Eight minutes and sixteen seconds before the point of attack, one hundred twenty-three Wakims and one hundred thirty-one Generals assess one another and decide upon the moment…
… To attack en masse, within that instant of time, leaving their past selves to shift for themselves in defense-perhaps, if this instant be the wrong one, to fall, and so end this encounter, also. But things must end somewhere. Depending upon the lightning calculations and guesses, each has picked this point as the best for purposes of determining the future and holding the focus. And as the armies of Wakims and the General clash together, the ground begins to rumble beneath their feet and the fabric of Time itself protests this use which has been made of its dispositions. A wind begins to blow and things become unreal about them, wavering between being and becoming and after-being. And somewhere Bronze smashes his diamonds into the continent and spews forth gouts of blue fire upon it. Corpses of bloodied and broken Wakims and fragments of shattered Generals drift through the twisting places beyond the focus of their struggles and are buffeted by the winds. These be the dead of probability, for there can be no past slaying now, and the future is being remade. The focus of the fugue has become this moment of intensity, and they clash with a force that sends widening ripples of change outward through the universe, rising, diminishing, gone by, as Time once more tricks history around events.
Beyond their midst, Bronze descends and somewhere a city begins to come apart. The poet raises his cane, but its green fires cannot cancel the blue flare that Bronze exhales now like a fountain upon the world. Now there are only nine cities on Blis and Time is burning them down. Buildings, machines, corpses, babies, pavilions, these are taken by the wind from the flame, and they pass, wavering, by the fairground. Regard their colors. Red? There’s a riverbank, green stream hung above, and flying purple rocks.
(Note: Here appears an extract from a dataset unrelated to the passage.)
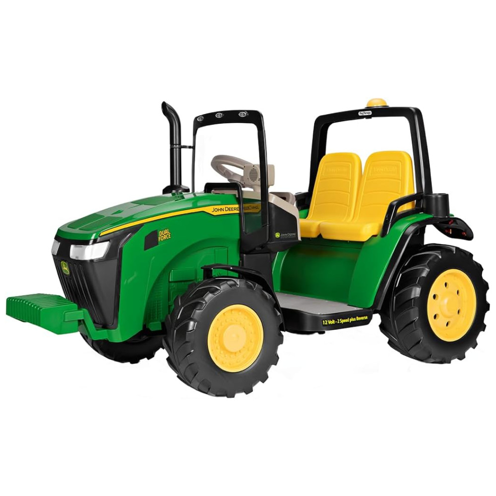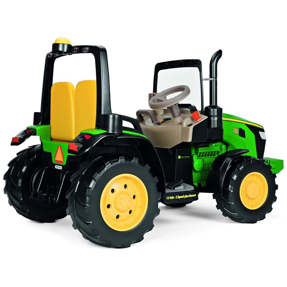 O John Deere Dual Force leva a pilotagem com amigos a outro nível. O Dual Force tem 2 assentos, o que permite mais espaço para o motorista e um companheiro de viagem. Toque suas músicas favoritas com o rádio FM funcional. Seu filho vai gostar de andar como um verdadeiro fazendeiro com o para brisa alto e as rodas de alta tração. O John Deere Dual Force inclui 2 velocidades 21, 4 ou 41, 2 mph, mais ré, o que lhes permite dirigir na grama, terra ou superfícies duras. Os pais controlam a velocidade com o recurso de bloqueio da 2 marcha. Bateria recarregável de 12 volts e carregador incluídos. Feito no Canadá, em nossa fábrica usando componentes nacionais e globais.

Yellow and gray and black the city beneath the three lime-hued bridges. Now the creamy sea is the sky and buzz-saw come the breezes. The odors of Blis are smoke and charred flesh. The sounds are screams amid the clashing of broken gears and the rapid-fire rainfall of running feet like guilt within the Black Daddy Night that comes on like unconsciousness now.
“Cease!” cries Vramin, becoming a blazing green giant in the midst of chaos. “You will lay waste the entire world if you continue!” he cries, and his voice comes down like thunder and whistles and trumpets upon them.
They continue to strive, however, and the magician takes his friend Madrak by the arm and attempts to open them a gateway of escape from Blis.
“Civilians are dying!” cries a moment of the General.
A moment of Wakim laughs.
“What difference does a uniform make in the House of the Dead?”
A great green door appears in outline, grows more substantial, begins to open.